The island/entity is powerful, but it still needs the actions of humans to protect it and keep it from being discovered and completely exploited. Over the centuries that it has allowed human inhabitation, it has learned a great deal about Good and Bad. It knows about devotion, gratitude, faith and acceptance. It has also seen averice, greed, cruelty and vice. As Bernard said to Jin, good choices are rewarded with good things happening, and bad choices bring bad Karma. It knows all about cause and effect. It wants to learn all it can about the yin and yang of the forces that drive our human lives, about the black and white that divides our character, about how it all seems to a grand game.
Is that kind of what you're talking about?

XmasDVD
05-15-2008, 09:18 AM
WOW nice!

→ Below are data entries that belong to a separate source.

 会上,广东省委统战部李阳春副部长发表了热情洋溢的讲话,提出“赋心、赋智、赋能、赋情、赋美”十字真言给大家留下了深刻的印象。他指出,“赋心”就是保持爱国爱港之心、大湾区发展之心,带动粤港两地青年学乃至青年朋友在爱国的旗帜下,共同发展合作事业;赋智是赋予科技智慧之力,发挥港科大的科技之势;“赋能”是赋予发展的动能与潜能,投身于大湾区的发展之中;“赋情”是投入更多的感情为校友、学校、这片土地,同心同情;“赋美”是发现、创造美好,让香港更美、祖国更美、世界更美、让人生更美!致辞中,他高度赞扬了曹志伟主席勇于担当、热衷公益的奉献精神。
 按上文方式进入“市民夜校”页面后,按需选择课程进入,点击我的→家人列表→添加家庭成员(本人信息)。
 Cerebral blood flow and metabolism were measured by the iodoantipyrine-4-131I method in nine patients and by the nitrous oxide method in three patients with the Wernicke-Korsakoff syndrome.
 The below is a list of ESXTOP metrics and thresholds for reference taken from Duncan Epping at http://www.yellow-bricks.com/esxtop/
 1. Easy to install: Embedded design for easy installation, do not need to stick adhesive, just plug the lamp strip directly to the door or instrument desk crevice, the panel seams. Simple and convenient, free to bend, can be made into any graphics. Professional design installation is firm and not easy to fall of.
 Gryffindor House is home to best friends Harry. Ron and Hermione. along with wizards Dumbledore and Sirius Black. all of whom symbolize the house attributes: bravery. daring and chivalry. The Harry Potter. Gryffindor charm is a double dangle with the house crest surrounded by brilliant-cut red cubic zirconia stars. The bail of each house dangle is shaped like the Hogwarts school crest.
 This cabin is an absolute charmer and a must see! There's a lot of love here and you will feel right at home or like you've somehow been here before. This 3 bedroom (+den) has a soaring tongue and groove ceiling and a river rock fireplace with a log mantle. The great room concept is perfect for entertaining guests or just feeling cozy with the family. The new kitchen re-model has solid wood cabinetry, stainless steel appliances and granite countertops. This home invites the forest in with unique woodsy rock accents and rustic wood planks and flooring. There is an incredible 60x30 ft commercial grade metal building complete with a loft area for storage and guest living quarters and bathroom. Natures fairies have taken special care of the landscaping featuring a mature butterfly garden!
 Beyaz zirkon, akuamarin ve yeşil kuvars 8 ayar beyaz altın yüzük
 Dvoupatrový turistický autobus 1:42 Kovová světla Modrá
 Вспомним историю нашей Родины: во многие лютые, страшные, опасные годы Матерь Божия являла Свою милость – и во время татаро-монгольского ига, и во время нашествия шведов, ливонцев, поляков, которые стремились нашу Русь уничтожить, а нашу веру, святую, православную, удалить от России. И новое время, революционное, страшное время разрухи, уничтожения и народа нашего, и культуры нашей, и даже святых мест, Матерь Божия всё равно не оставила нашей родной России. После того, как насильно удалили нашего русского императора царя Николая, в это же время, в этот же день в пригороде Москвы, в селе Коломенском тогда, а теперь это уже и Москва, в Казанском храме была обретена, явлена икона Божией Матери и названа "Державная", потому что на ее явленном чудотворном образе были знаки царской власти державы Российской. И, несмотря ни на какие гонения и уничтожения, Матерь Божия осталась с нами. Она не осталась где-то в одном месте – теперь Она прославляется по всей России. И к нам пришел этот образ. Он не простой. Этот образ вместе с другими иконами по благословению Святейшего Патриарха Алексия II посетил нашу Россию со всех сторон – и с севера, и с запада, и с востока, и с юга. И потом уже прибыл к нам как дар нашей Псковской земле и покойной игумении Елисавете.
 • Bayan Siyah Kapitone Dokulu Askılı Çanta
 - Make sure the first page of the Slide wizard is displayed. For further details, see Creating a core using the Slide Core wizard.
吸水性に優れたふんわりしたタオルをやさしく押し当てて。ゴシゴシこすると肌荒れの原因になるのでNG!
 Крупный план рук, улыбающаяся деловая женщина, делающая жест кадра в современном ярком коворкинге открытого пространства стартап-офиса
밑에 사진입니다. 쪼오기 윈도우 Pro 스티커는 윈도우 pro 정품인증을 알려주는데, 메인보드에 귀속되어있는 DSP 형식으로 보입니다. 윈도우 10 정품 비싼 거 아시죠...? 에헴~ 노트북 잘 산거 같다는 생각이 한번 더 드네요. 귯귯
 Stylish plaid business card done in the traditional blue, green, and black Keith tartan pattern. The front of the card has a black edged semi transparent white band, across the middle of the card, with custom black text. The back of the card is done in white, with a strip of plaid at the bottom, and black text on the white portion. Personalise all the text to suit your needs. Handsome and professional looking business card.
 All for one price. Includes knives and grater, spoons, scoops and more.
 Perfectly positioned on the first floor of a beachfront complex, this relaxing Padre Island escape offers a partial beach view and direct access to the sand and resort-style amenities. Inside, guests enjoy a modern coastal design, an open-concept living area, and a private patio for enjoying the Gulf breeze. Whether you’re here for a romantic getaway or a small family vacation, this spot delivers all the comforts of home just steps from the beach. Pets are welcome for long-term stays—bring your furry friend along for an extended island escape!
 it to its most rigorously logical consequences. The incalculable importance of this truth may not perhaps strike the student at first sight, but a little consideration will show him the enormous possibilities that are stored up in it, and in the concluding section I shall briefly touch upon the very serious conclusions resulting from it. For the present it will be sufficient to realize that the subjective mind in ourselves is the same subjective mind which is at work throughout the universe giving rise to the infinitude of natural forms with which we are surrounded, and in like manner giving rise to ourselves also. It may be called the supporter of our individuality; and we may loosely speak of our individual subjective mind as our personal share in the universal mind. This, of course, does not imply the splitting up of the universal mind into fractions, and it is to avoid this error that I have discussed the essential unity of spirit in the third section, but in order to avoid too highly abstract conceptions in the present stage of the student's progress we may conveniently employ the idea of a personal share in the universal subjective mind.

Sounds like it to me!

Tater13
05-15-2008, 11:56 AM
Are you talking about the same Solaris that was also a movie?? With George Clooney and Natalie McElhone? If so, that's freaky. Because the actor that plays Daniel Farraday was also in Solaris. :eek:

notsolost42
05-15-2008, 04:47 PM
"Or, to use Ben's colorful description from "Cabin Fever", they're (to human eyes) fickle bitches."

I love your postings and they are always very well done. This is also a very interesting idea.
I think what Ben said was "Fate is a fickle bitch". I completely agree with him!